Sheriff: incumbent

February 16, 2002

Harold Carter

Age: 59

Residence: El Centro

Family: wife, Carolyn, two children

Occupation: Imperial County sheriff

Education: master's degree in public administration, San Diego State University; bachelor's degree in social science, SDSU; associate's degree in law enforcement, Imperial Valley College

Community service: chairman, Imperial and San Diego counties federal drug interdiction executive board; member, Southwest Border High Intensity Drug Trafficking Area board; chairman, Imperial Valley Drug Coalition; member, Kiwanis Club of El Centro; deacon, Central Baptist Church; involved with Special Olympics; former member, allocating committee United Way local chapter; board member, California Peace Officers Association training committee


"It's a stronger department, it's better equipped, better staffed and better trained than it's ever been."

Sheriff Harold Carter is finishing his first term and wants to serve a second term.

He said the Sheriffs' Office has seen much positive change during his tenure and he wants to continue to be a part of the process of making the department the most professional law enforcement agency in the state.

"The sheriff position is a job where you can really make a difference in public safety," Carter said.

"This is what I have trained for all my life," he said. "I think I have something to offer. If I didn't think I had something to offer I wouldn't (run for another term)."

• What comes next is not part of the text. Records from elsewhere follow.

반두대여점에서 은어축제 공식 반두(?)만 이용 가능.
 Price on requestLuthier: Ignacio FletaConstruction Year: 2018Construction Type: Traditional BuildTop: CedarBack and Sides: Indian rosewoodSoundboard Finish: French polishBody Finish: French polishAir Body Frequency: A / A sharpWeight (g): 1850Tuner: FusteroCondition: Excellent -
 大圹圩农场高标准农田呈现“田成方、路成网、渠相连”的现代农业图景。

Carter said one of the key issues the department is going to face relates to the budget. He said with the nation in an economic downturn and with the state budget still in question, whoever is sheriff is going to have to understand the budget process.

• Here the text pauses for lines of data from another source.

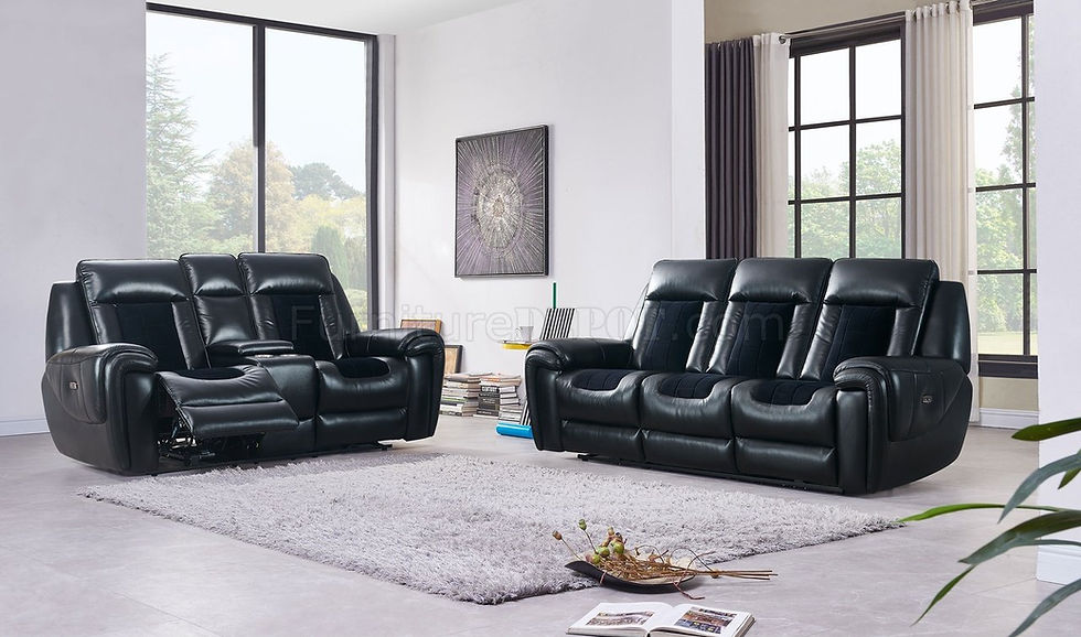 Blanche Power Reclining Sofa & Loveseat Set in Black Velvet with LED - Glo
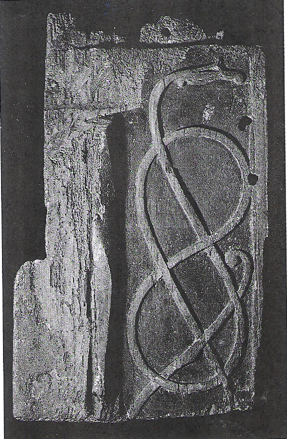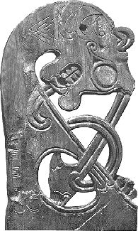 «Brågarpplanken» en døroverligger fra en tidlig trekirke i Skåne. Formatet er betraktelig mer puslete.
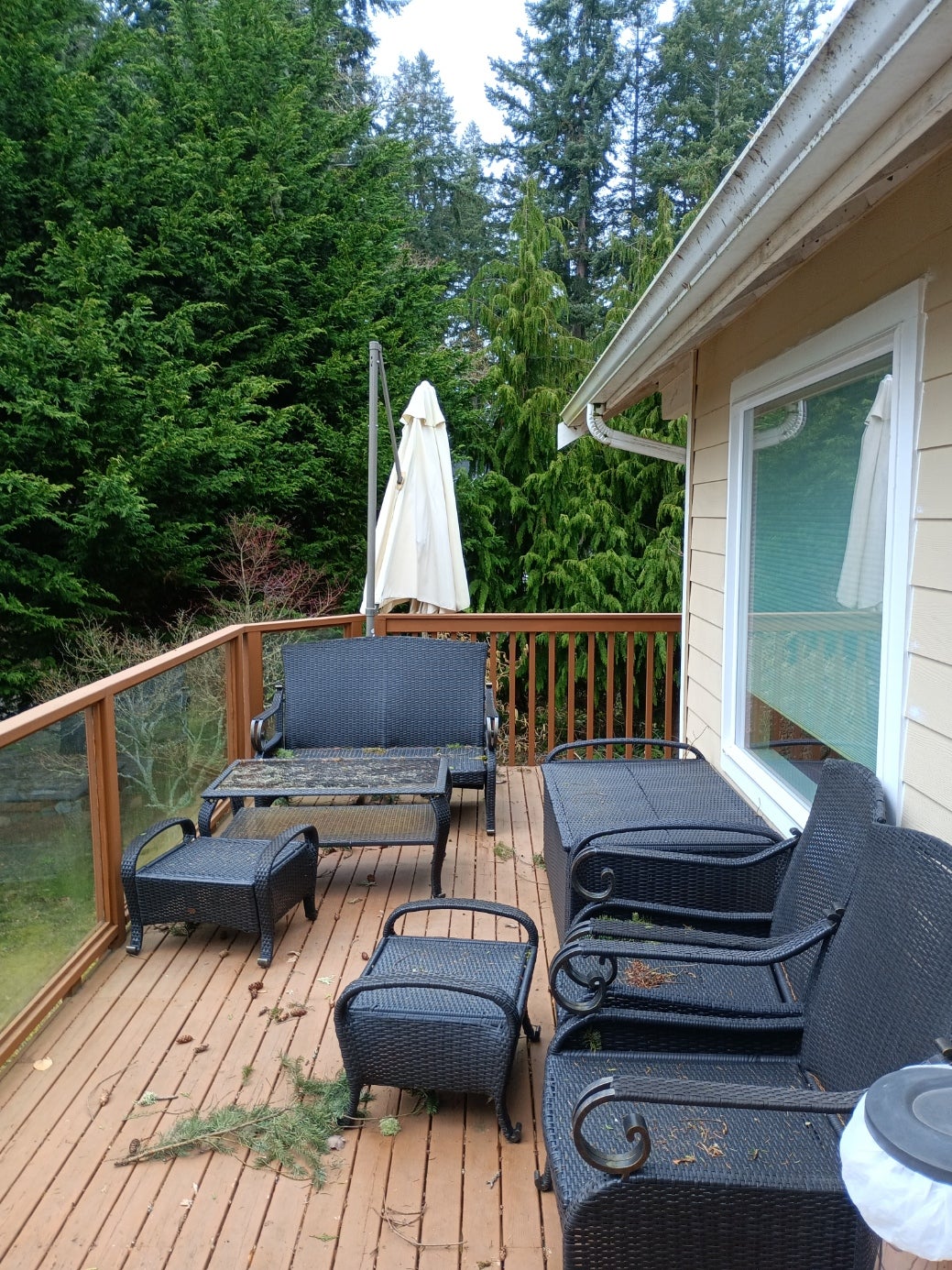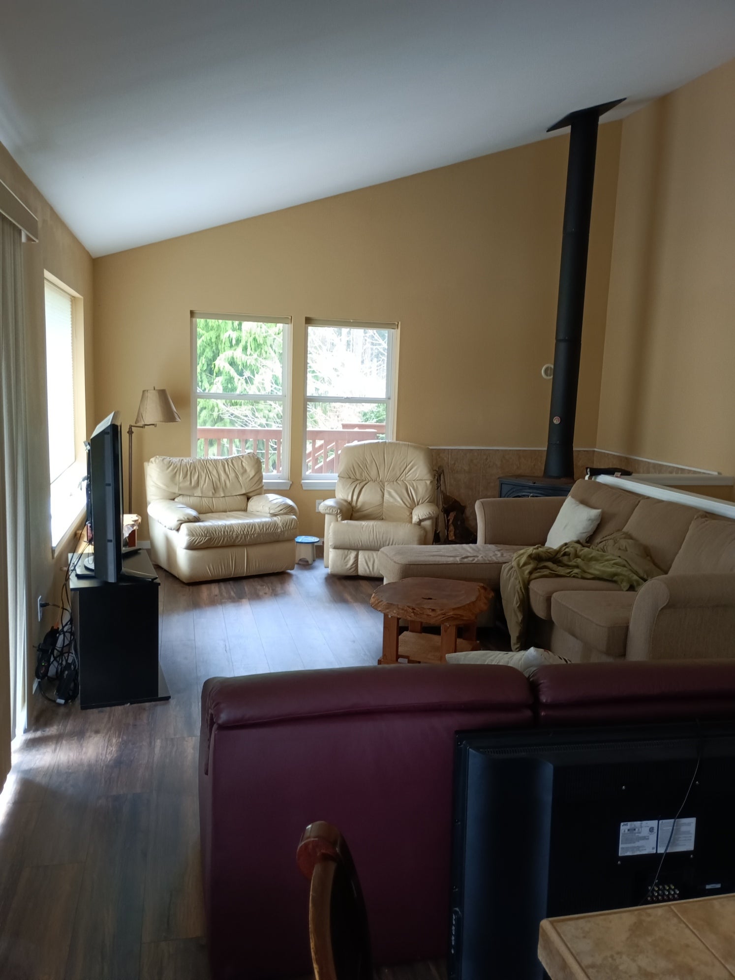 Stunning view home on South facing lot. Upper deck wraps around two sides. Views from most rooms. Wood stove in living room. Kitchen has large counters and cabinet space. Tiled main bath with separate shower.Quality furnishings throughout! Located in private island community five miles West of Everett. Ready to move in to, most furnishings stay.

He said his department is going to have to find a way to offset possible losses in the budget and, as with the entire county government, find ways to increase revenues.

One way he is attempting to do that is by raising the state and federal incarceration fees the county receives. He said the department is in the process of doing that.

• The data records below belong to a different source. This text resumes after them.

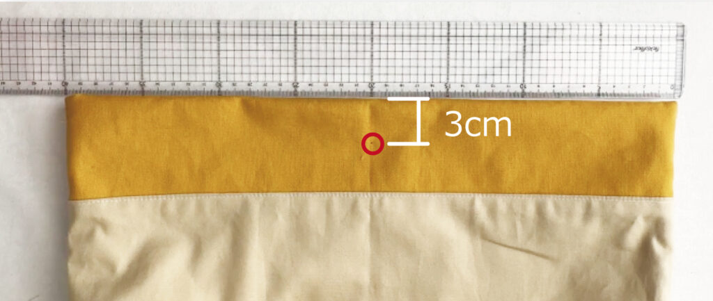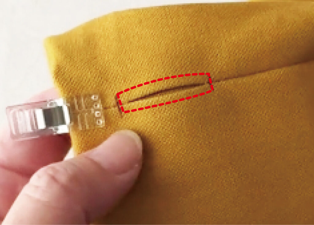 表側と内側の持ち手テープ通し口を同じ位置に合わせます。
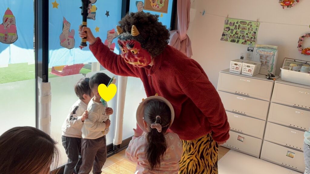 今日は節分ですね。節分は季節の変わり目に生じやすい病気や災害を払い、1年の健康と幸福を願う行事です。保育園にも鬼がやってきて鬼を見ると泣く子どもや一生懸命に豆を投げる子どもがいました。「おにはーそと」という声とともに力いっぱい投げて、無事に鬼退治をすることができました。その後福の神様がやってくると、嬉しそうにお菓子を拾ったりもらおうとする姿が見られました。皆さんの1年の無病息災を祈っています。
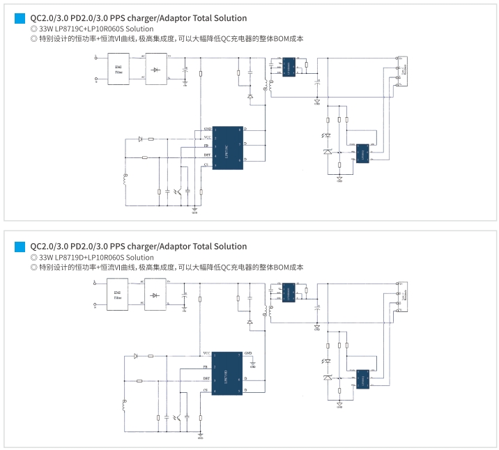 33W QC快速充电方案:LP8719C/D+LP10R060S
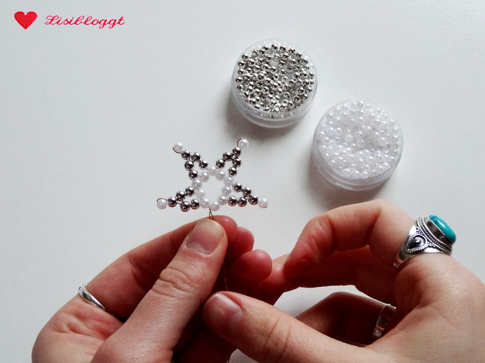 Mit den anderen Zacken machst Du dann genau so weiter: Drei silberne Perlen und eine weiße auffädeln, den Draht durch die vorletzte Perle zurückfädeln, zwei silberne Perlen auffädeln und den Draht wieder durch die übernächste Perle auf dem Perlenring fädeln.
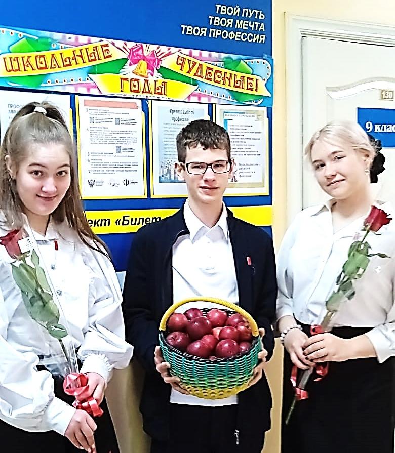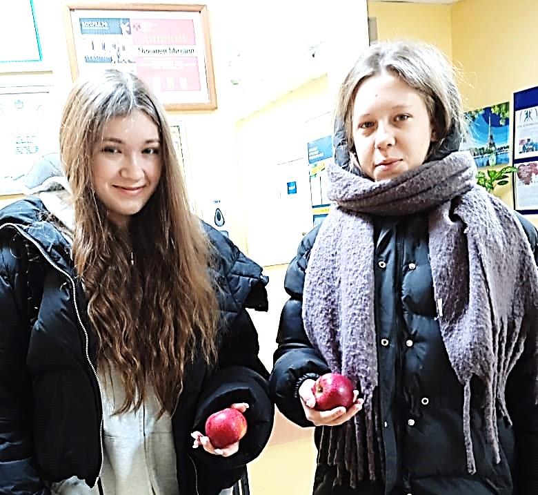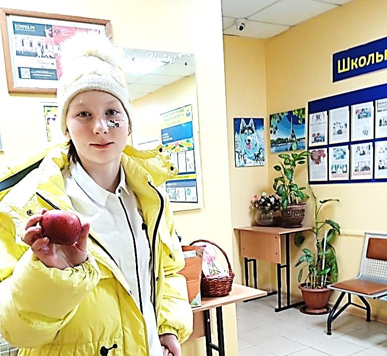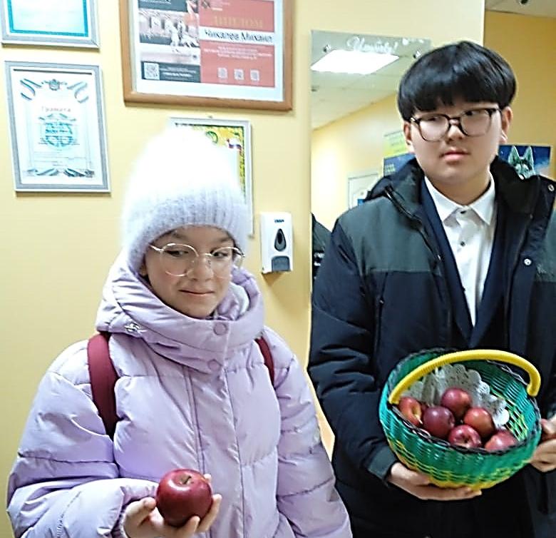 С самого утра, как только ребята переступили порог школы, они тут же получили угощение: их ждали красивые, ароматные, красные яблоки. И с каким бы настроением каждый ученик не пришел в школу, получив яблочко , в ответ улыбался и благодарил.

Carter said he supports the building of a privatized federal prison in the county that would house U.S. Immigration and Naturalization Service detainees.

He said such a prison could create 350 jobs and bring millions of dollars into the local economy, a portion of which would go toward law enforcement.

Carter said another issue the department is going to face is employee recruitment. He said in the next few years the department could see a number of retirements and there will be a need to fill those positions.

To that end, Carter said, he has implemented a program of hiring men and women in the Imperial Valley and sending them to the sheriffs' academy in Riverside to receive training.

He said since he started as sheriff 22 law enforcement positions have been added and there are now seven people in the academy going through training.

Carter said the department is better trained then it has ever been as a result of his focus on training.

"I believe if you ask a person to do a job, you have to help prepare them to do the job," he said. "Once they are prepared, they will do the job you want them to do."

He said of recruitment, "That is an issue we have to deal with. Not only will it be a challenge, it will be an opportunity to bring a lot of young talent into the department to structure it for the future."

Carter said of department staffing, "We are as close as we have ever been in the history of the department to being fully staffed."

Carter said his focus also has been to improve facilities. He said the goal is to build a regional training facility, a new pistol range, upgrade the emergency communication system for law enforcement agencies countywide and create a centralized database system that all local law enforcement could tap into to aid in bringing criminals to justice.

Carter said he wants to continue his efforts as chief of property security for the county, a position in line with the idea of homeland security in the wake of the Sept. 11 terrorist attacks.

In that position, Carter said, he is looking at ways to protect people and local government and court facilities from the threat of terrorist attacks.

Carter said he is moving forward with upgrades to the jail facilities that will make them safer for inmates and the correctional officers and other staffers.

Carter further said during his tenure the department has created a Sheriff's Activities League for youths and has deputies working as school resource officers.

"We are working more in high schools than ever before," he said.

Carter said the department has added a canine unit to aid in patrols and he plans to add more canine units. He said dogs can help deputies in patrolling areas where criminals may be hiding and in locating narcotics.

During his tenure, Carter said, he has worked to improve the image of the department and he said that has occurred.

"I believe in the last three years we have successfully changed the department's public image," he said, adding the public is more confident in the service provided by the department.

Carter has received endorsements from the Imperial County Sheriffs Association — the deputies' union — and management staff of the department.

He said those endorsements are important because it shows those he works with trust his leadership.

Carter said, "I have a proven record both in El Centro and with the Sheriff's Office."